В покровительстве преступникам были замечены не только нижние чины полицейского ведомства, но и высокопоставленные чиновники. Майор Смельский в сентябре 1872 года отчитывался о своей командировке в Ригу: «Я узнал от таможенного жандармского полковника, что в Риге много фальшивых денег, доставляемых из Вильны, что несмотря на постоянную переписку с Виленскими властями, Виленская полиция не только не содействует к раскрытию этого зла, но еще как бы затемняет его»[359]
. Губернские власти, по мнению майора, стремились замять дело разоблаченных фальшивомонетчиков: «Вильна так и хлопочет защищать Огинских и Мегатеров, и нет сомнения, что это по особому чьему-то желанию. Тут, я думаю, немало работают адъютанты: князь Огинский и граф Тышкевич, в особенности последний, который по непонятным обстоятельствам что год делается богаче и богаче»[360].О случаях неблагонадежности некоторых представителей местных органов власти было известно на самом высоком уровне. В декабре 1882 года товарищ министра финансов П. Н. Николаев обращался к витебскому губернатору В. В. фон Валю с просьбой оказать особое внимание проводившемуся в г. Режицке расследованию о «заарестованом» в уездном Казначействе фальшивом сторублевом билете, поскольку получил сведения, «что будто бы в Режицком уездном полицейском управлении заинтересованы в том, чтобы потушить это возникшее дело»[361]
.Коррумпированность провинциальных органов власти — это лишь одна из проблем, с которой приходилось сталкиваться чиновникам министерства финансов. В борьбе с «фабрикантами и переводителями» фальшивых денег им приходилось решать ряд специфических вопросов. К таковым можно отнести нехватку профессиональных кадров, сложности с подбором толковой и благонадежной агентуры на местах. Так, например, статский советник Сераковский писал из Варшавы в министерство финансов в августе 1880 года: «Неудовлетворительность состава Варшавской сыскной полиции, все агенты которой состоят из людей малоспособных, получающих ничтожное, от 12 до 15 рублей в месяц, вознаграждение и состоящих на службе 15 и более лет, делает невозможным производство розысков по Варшаве местными средствами»[362]
. Сложностей добавляли и неповоротливость судебной системы, и нерасторопность местных администраций. Все это, вкупе с глубоко укоренившимся в народном сознании представлением о легкости и «не зазорности» такого заработка, создавало немалые трудности в искоренении нелегального производства денежных знаков.Еще одной нешуточной проблемой, с которой приходилось считаться российским властям, была фальсификация российских денег зарубежными фальшивомонетчиками.
Глава 5
Заграничный «товар»
«Воровские деньги» иноземной работы появились в России как минимум с конца XVI — начала XVII века. А. С. Мельникова, известный специалист в области средневековой русской нумизматики, писала: «Из письменных источников достоверно известно, что подделки под русские копейки изготавливали датчане, голландцы, шведы»[363]
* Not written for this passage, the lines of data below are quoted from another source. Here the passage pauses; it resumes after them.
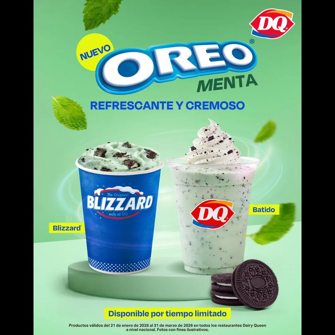 Llegó el sabor que se convertirá en tu obsesión. 🍦🍃 Refréscate con el nuevo y cremoso Oreo Menta, la combinación perfecta para darle un giro delicioso a tu día. Solo en Dairy Queen. 💚✨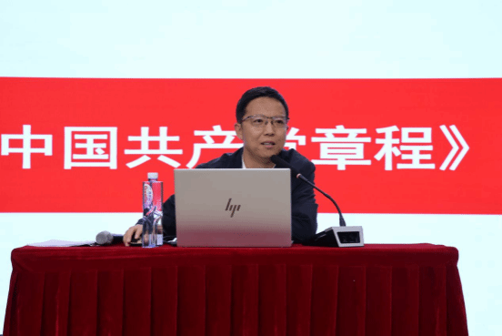 学校党委宣传统战部部长武乔军以《中国共产党章程》为核心内容,深入阐释了党章的制定历程、修订意义与核心要义,重点解读党的性质、宗旨、指导思想、奋斗目标以及党员的权利与义务。他引导学员从党章文本中感悟党的初心使命与奋斗逻辑,推动大家深入思考“为什么入党、入党做什么、为党留什么”,切实推动党章精神内化于心、外化于行。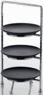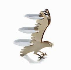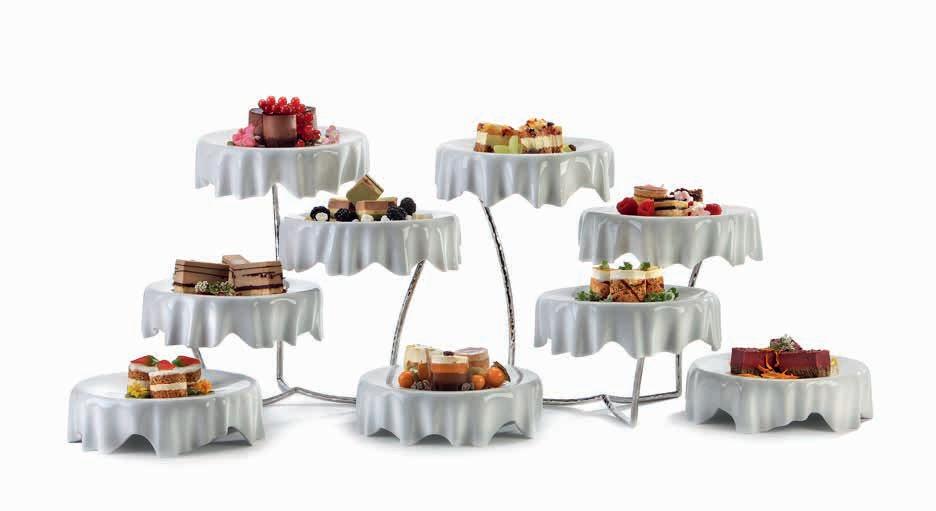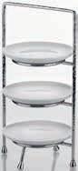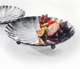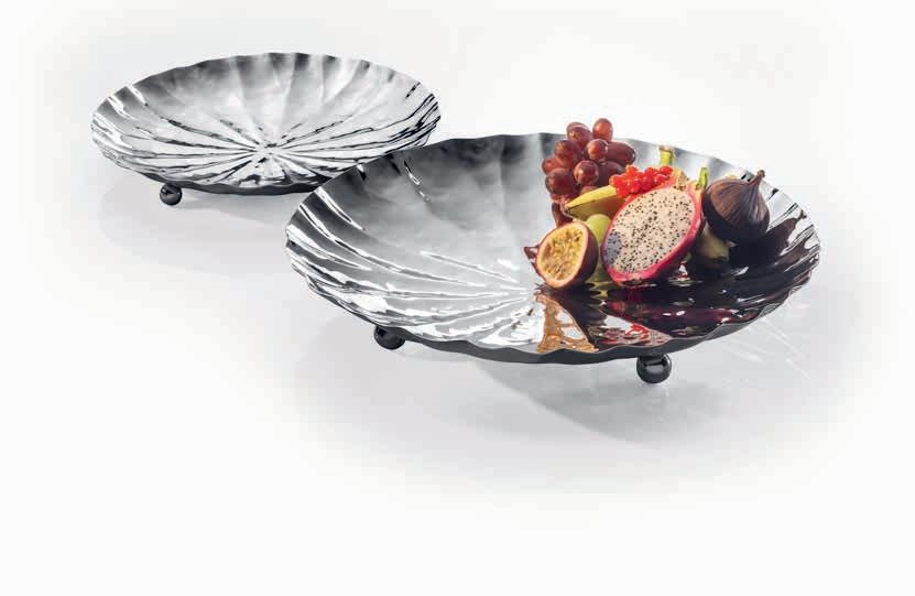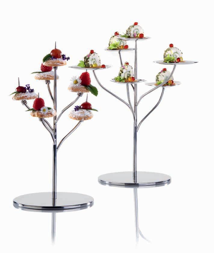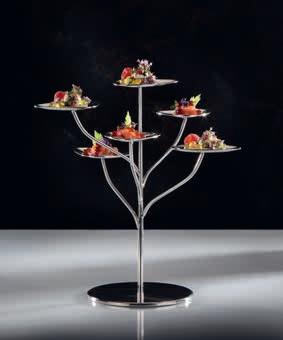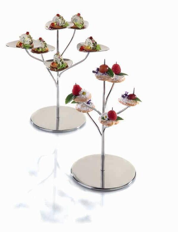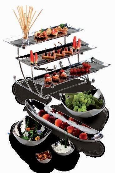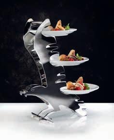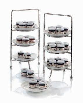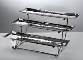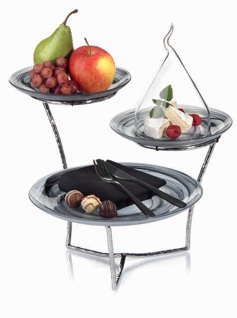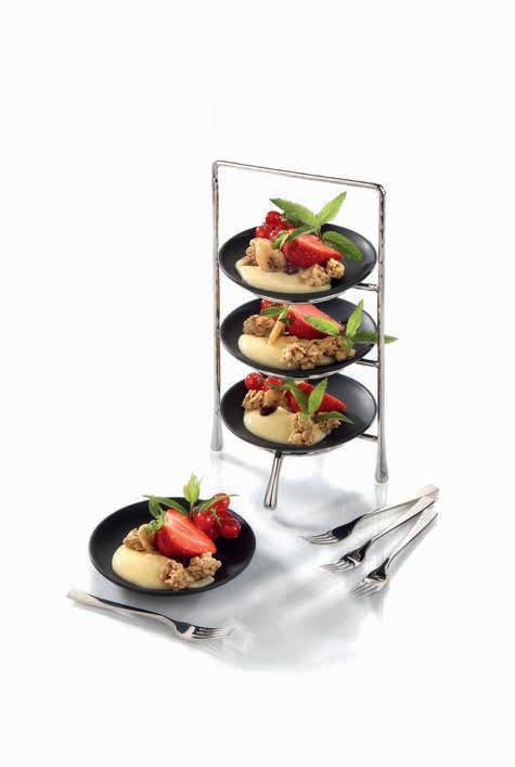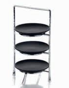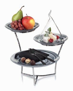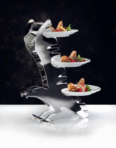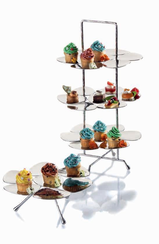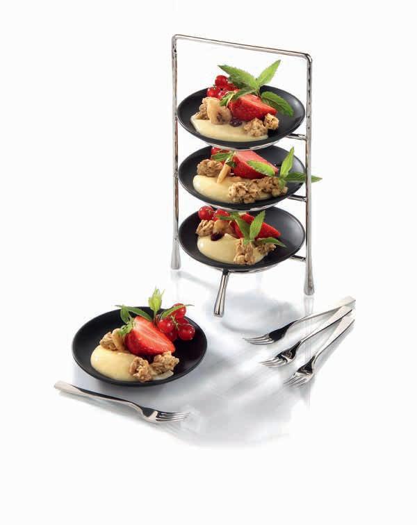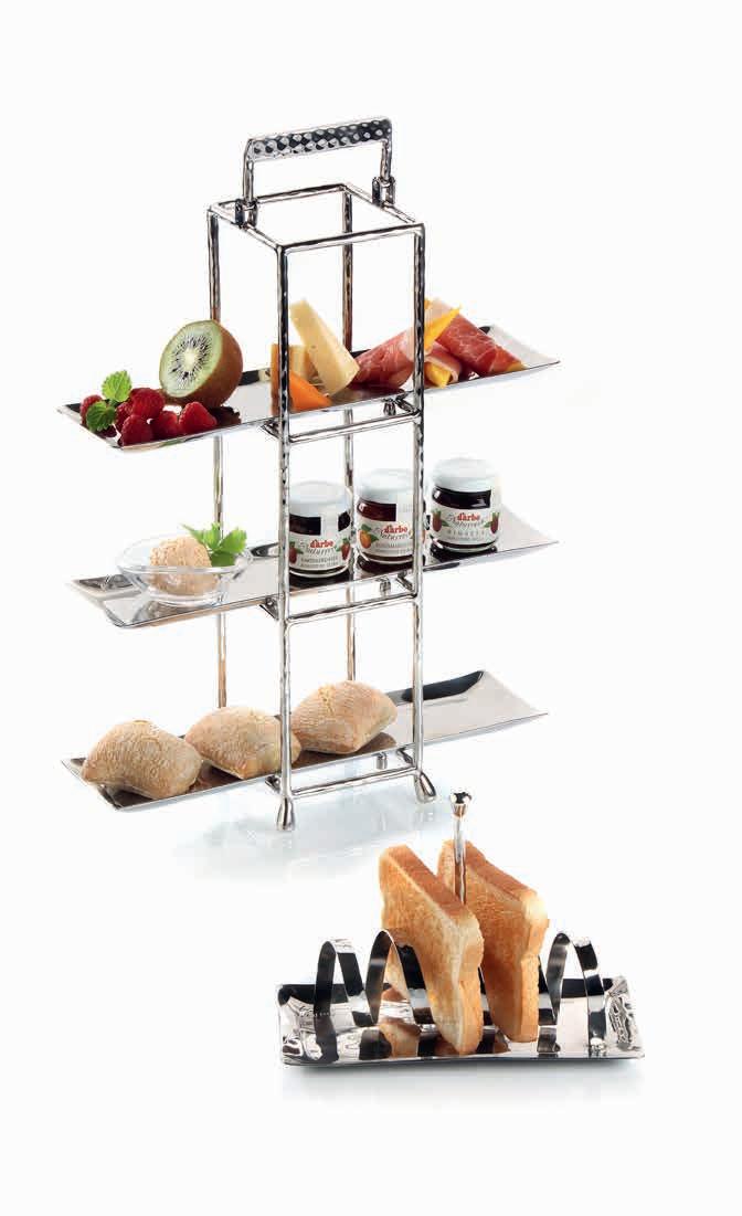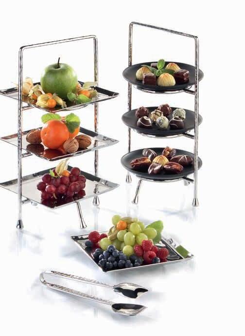 Die dreistufige Etagere aus gehämmertem, auf Hochglanz poliertem Edelstahl ist eine extravagante Basis für Teller und Platten aller Art. Auch auf dem Hotelzimmer lassen sich diese Etageren effektvoll platzieren. Mit „DressCoat“ oder anderem Geschirr bestückt, lassen sich schnell und einfach kleine Snacks, eine Auswahl an Obst oder auch ein süßer Willkommensgruß ansprechend inszenieren. Alle Informationen zu dieser Etagere finden Sie auf Seite 124.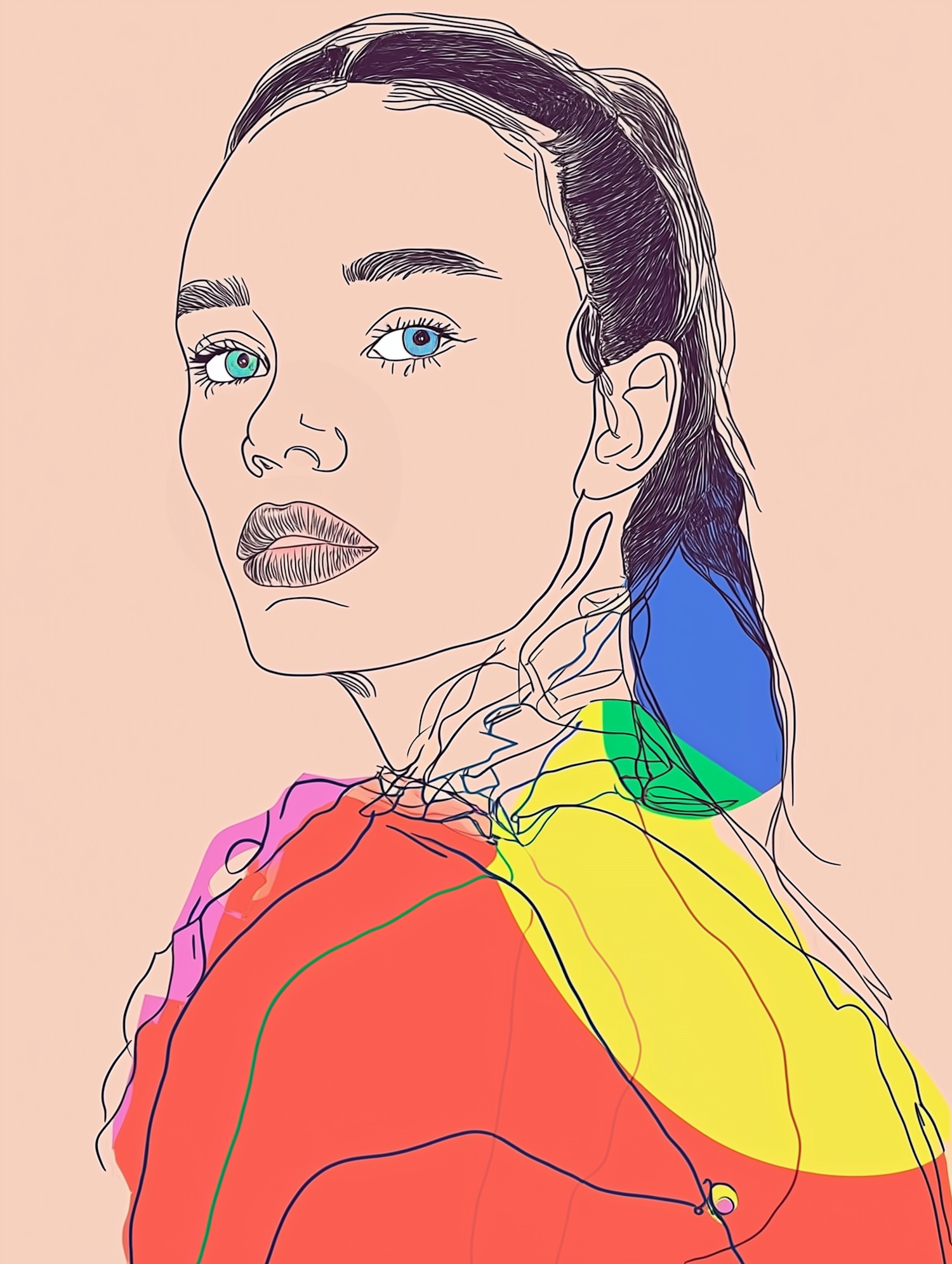 Modern illustration of a woman with bold colors and abstract shapes, featuring striking blue-green eyes and a soft beige background.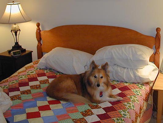 My sheltie Tasha was a poet though. Here’s a poem for memory, written by Tasha in 1999. For the record, I didn’t mind Tasha sleeping on the bed or the quilt. I think she made that up for artistic effect. This photo is of Tasha on the bed, about a year after she wrote the poem, when we moved to our new house.

. Фальшивые или иные «непрямые» монеты были обнаружены в ста двадцати восьми из трехсот, изученных исследователем, кладов, попавших в тайники начиная с правления Ивана Грозного и заканчивая первыми годами XVIII века[364]. Из массы фальшивых денег, найденных в кладовых комплексах, она выделила «три группы иностранных подделок: копейки с именем Ивана и Федора, которые, по нашему мнению, чеканились Английской Московской компанией между 1595–1600 гг., датские деннинги (начало чеканки 1619 г.) и «Нефедкины копейки» (после 1617 г.)»[365].Если вопрос об эмитенте так называемых «западных» копеек с именами Ивана IV и Федора носит дискуссионный характер[366]
, то факт чеканки датскими мастерами в Копенгагене и Глюкштадте монет по образцу русских серебряных копеек не вызывает сомнения. Эти монеты с именем датского короля Христиана IV, а также с именами русских царей, получили название «деннинги». Их чеканили из талерного серебра по весовой норме, приближающейся к нормативной. Впрочем, через некоторое время датские монетчики перешли от подражания к прямой фальсификации русских монет, постепенно уменьшая их вес и пробу серебра[367].В период Смутного времени во время шведской оккупации Новгорода (1611–1617) на Новгородском денежном дворе по распоряжению короля велась чеканка русских копеек-чешуек с уменьшенным весом[368]
. По заключении Столбовского мирного договора (1617) шведы, покидая Новгород, вывезли с денежного двора инструмент для чеканки монеты и артель новгородских денежников во главе со старостой Нефедкой. За «Свейским рубежом» вывезенных мастеров заставили чеканить русскую монету, которая распространялась в северо-западных землях русского государства. В кладах монет XVII века очень часто встречаются шведские подделки московских, новгородских и псковских копеек, как времени оккупации Новгорода, так и копейки, чеканенные новгородскими денежниками в Швеции.